Изменить стиль страницы

возможный разговор [1]

— И вот еще, — говорит журналист. Он снял свои наушники и положил на стол студии. Интервью окончено, и Торстен уже было встал. А теперь снова опускается в кресло. Журналист поднимает брови.

— Скажите, пожалуйста, вы видели вчерашние вечерние газеты?

Торстен качает головой:

— Я не читаю вечерних газет.

— Ну да, — говорит репортер. — Понимаю. Но я подумал про ту прошлогоднюю дискуссию с Халлином.

— Да. Только она была в «Дагенс нюхетер». И та дискуссия уже закрыта.

Журналист кивает:

— Ну да, но такое дело… Сегодня обе вечорки написали.

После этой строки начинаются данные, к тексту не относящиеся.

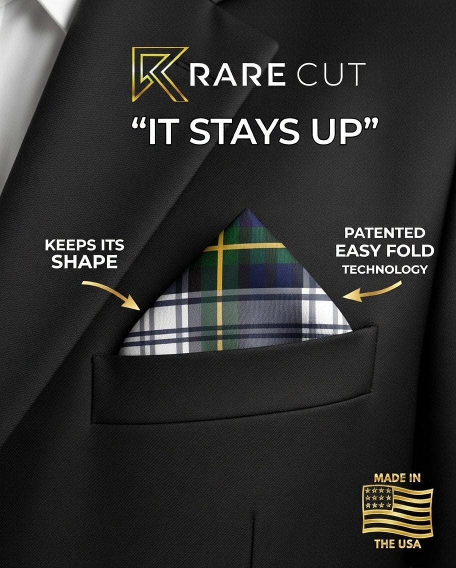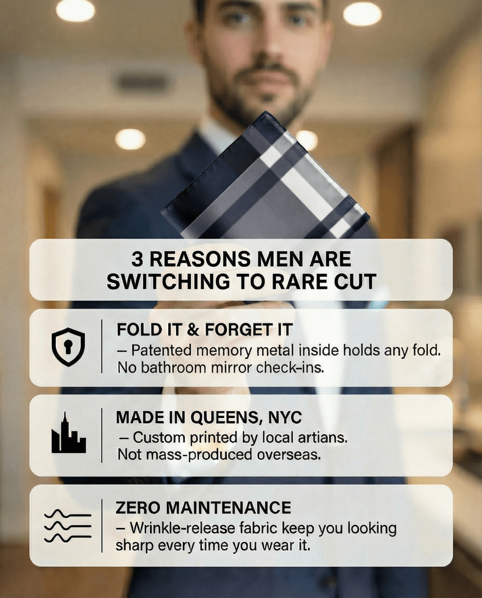 Traditional pocket squares rely on luck to stay in place. RARE CUT uses a proprietary, paper-thin memory-metal lining that allows you to shape your square once and forget about it. It’s the first major innovation in men’s formalwear in a century—designed to keep you looking sharp from the first toast to the final dance.
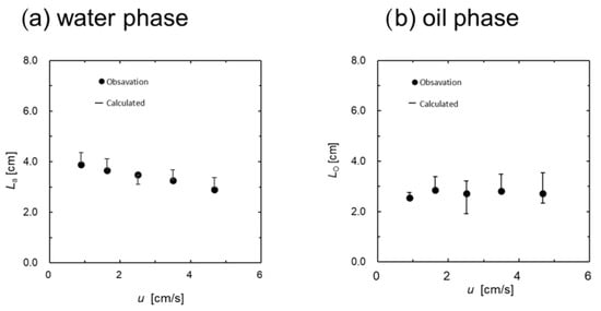 Comparison of slug length calculated from the electrical conductivity and the actual measurement. Flow velocity u [cm/s] (0–6) corresponds to flow volume [cm3/s] (0–2.83). (a) water phase, (b) oil phase.
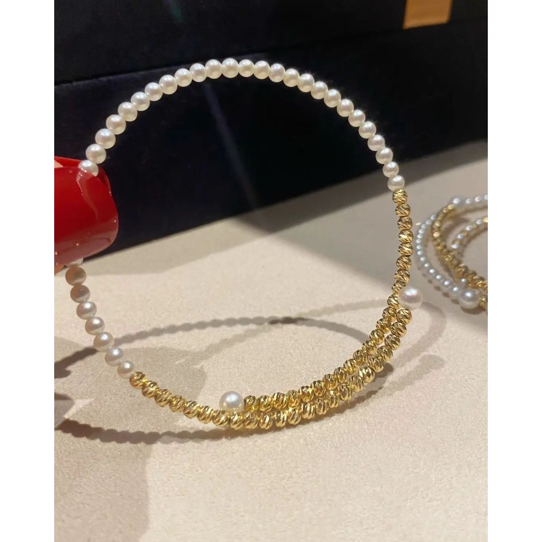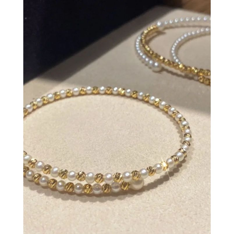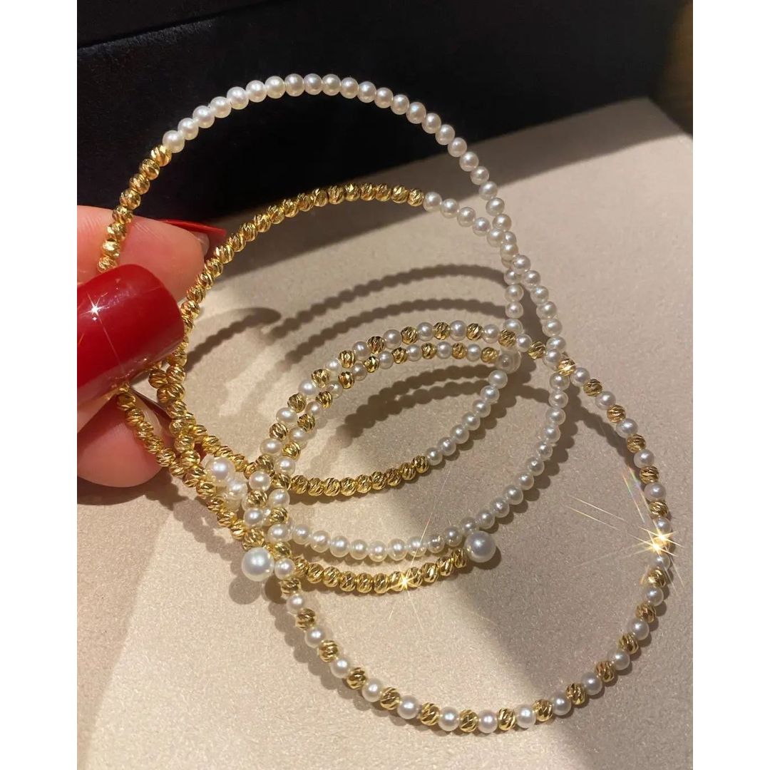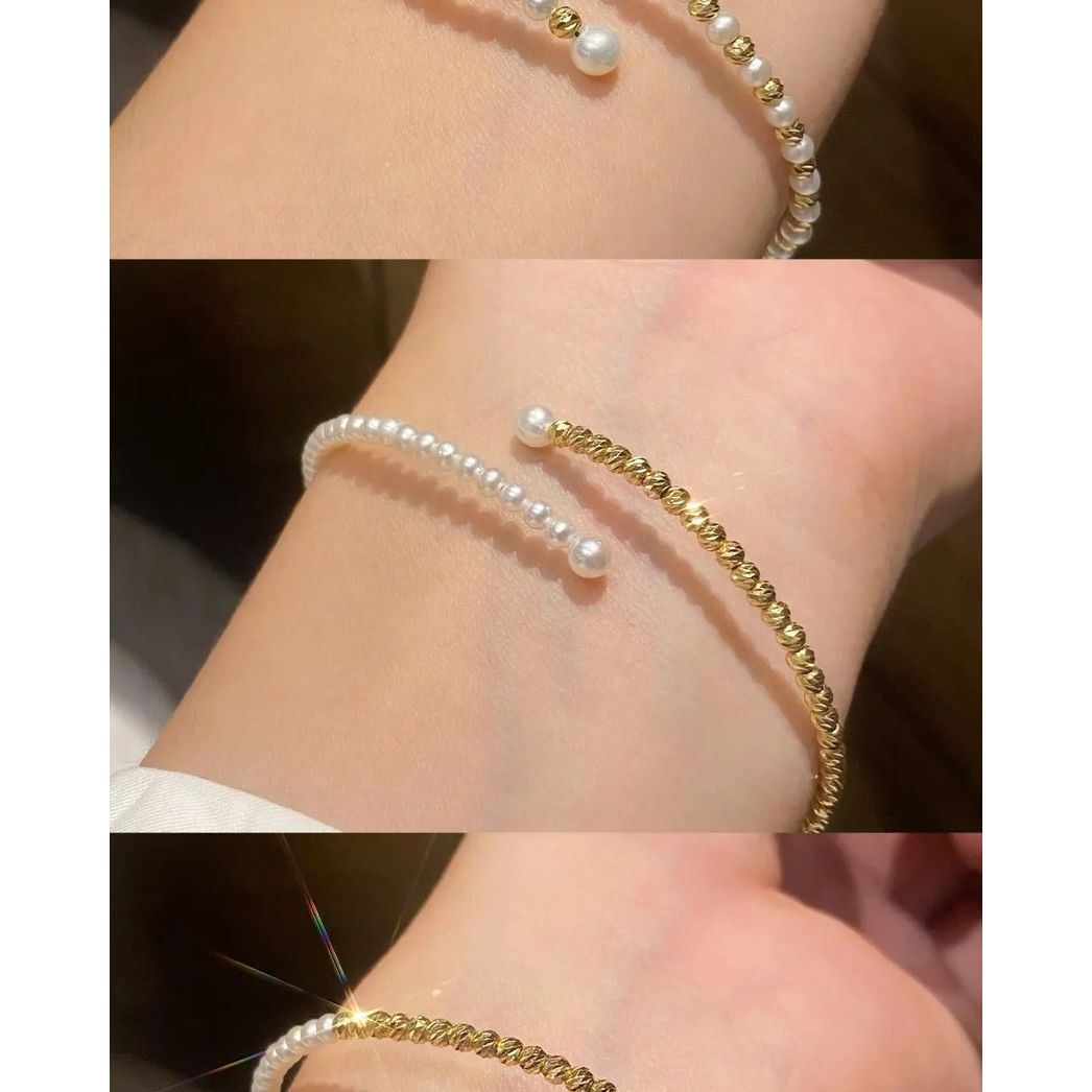 ♨️18k金鐳射珠碎金珍珠手鐲
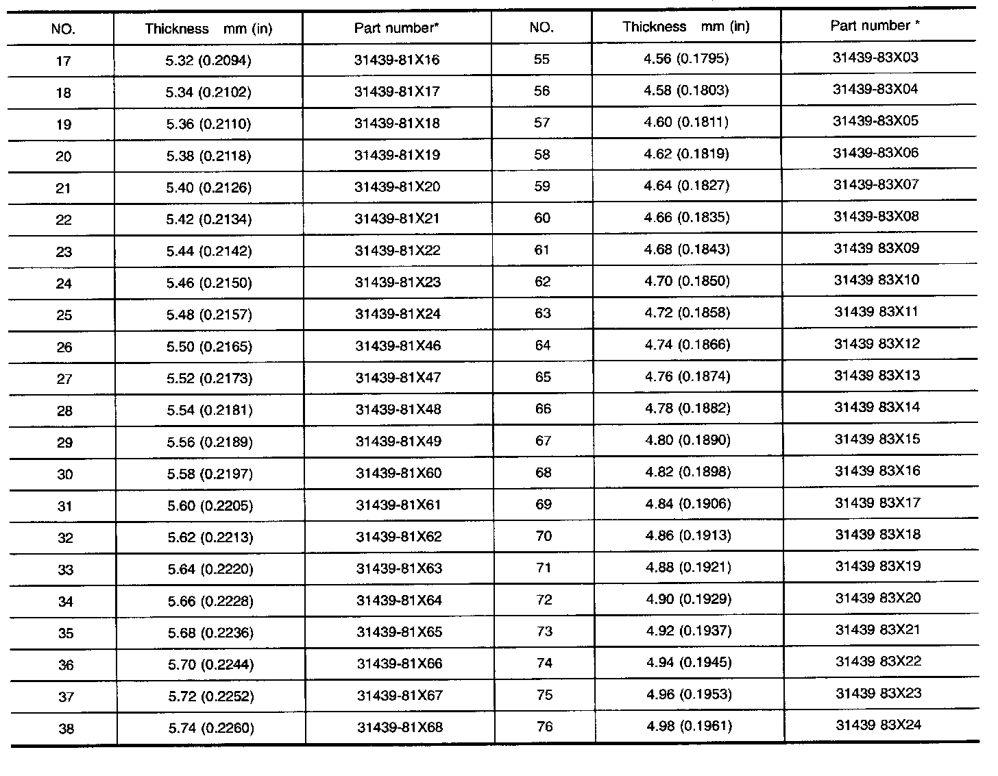 DIFFERENTIAL SIDE BEARING PRELOAD ADJUSTING SHIMS

— Надо полагать. Реклама! Фильм покажут завтра вечером на третьем канале.

— Н-да, это еще вопрос… Могут и снять с показа. Девушка вообще-то покончила с собой.

Торстен кладет ладонь на подбородок, проводит ею по трехдневной щетине. Старинный жест, память о тех днях, когда он еще носил бороду. Спохватившись, убирает руку.

— Эта девочка? — переспрашивает он.

— Да, — подтверждает журналист. — Та, что пыталась его ножом зарезать. Та самая сучка. Простите за грубое слово.

— А что произошло?

— Сидела в Хинсе. А вчера утром нашли ее в камере. Вены себе вскрыла.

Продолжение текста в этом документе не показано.